A piece of Bodleian History: Clues from the Stacks

lang_tolkien_bodleian.jpg

Some books just aren't checked out very often...

[Update] I've been asked to add a bit of additional information for the book pictured: it is The Yellow Fairy Book (ed. Andrew Lang)

From the article link above:
I contacted the Bodleian’s Tolkien Archivist, Catherine McIlwaine, who was able to confirm this. She explained that Tolkien looked at the book ahead of giving his famous Andrew Lang lecture at the University of St Andrews on 8th March 1939.

[...]

Library records show that Tolkien consulted the book, among others, on the 27th February 1939.

[...]

At 10:30am Tolkien requested to see:
The Olive Fairy Book, ed. by A. Lang (1907)
The Book of Dreams and Ghosts, by A. Lang (1897)
The Lilac Fairy Book, ed. by A. Lang (1910)
The Green Fairy Book, ed. by A. Lang (1892)
Favourite Fairy Tales (Fairy tales retold) 1907
The Brown Fairy Book, ed. by A. Lang (1904)
The Crimson Fairy Book, ed. by A. Lang (1903)
The Violet Fairy Book, ed. by A. Lang (1901)
The Yellow Fairy Book, ed. by A. Lang (1894)

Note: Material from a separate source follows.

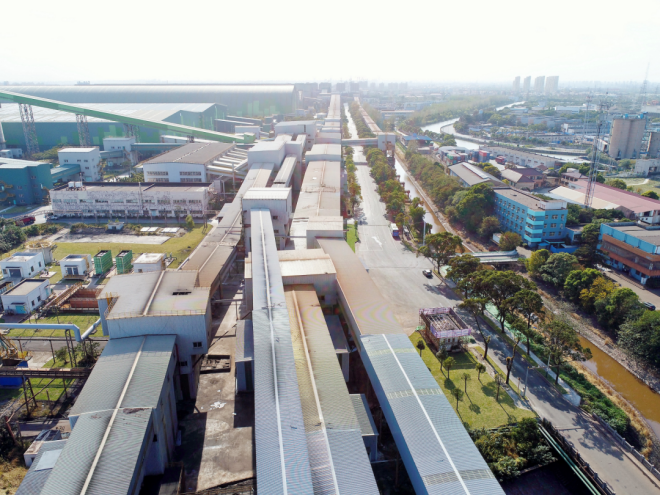 寶鋼股份寶山基地原料輸入系統超低排改造后航拍圖

Later on, at 11:30am, he requested:
Fairy Gold, a book of old English Fairy Tales chosen by Ernest Rhys (1907)
The Secret Commonwealth of Elves, Fauns and Fairies (compiled in 1893) by Robert Kirk
Essays in Little by A. Lang (1891)
Perrault’s Popular Tales, ed. by A. Lang (1888)
The Magic Ring, and other stories from the Yellow and Crimson Fairy Books, ed. by A. Lang (1906)
English Fairy and other folk tales, selected and edited by Edwin Sidney Hartland (1893)

[...]

The slip we found was left in the book at the beginning of The Dragon of the North a story about a courageous youth who defeats a man-eating dragon. He manages this feat with a magic ring, stolen from a witch maiden. Amongst many of its powers, if placed on the third finger of the left hand, it turns the wearer invisible. In the end, the ring is too powerful, and the youth learns that ‘ill-gotten gains never prosper’ when the witch retrieves the ring and punishes him for his deception. There is a eucatastrophe- the term Tolkien coined to describe happy endings in Fairy Tales- as the youth is rescued and made king.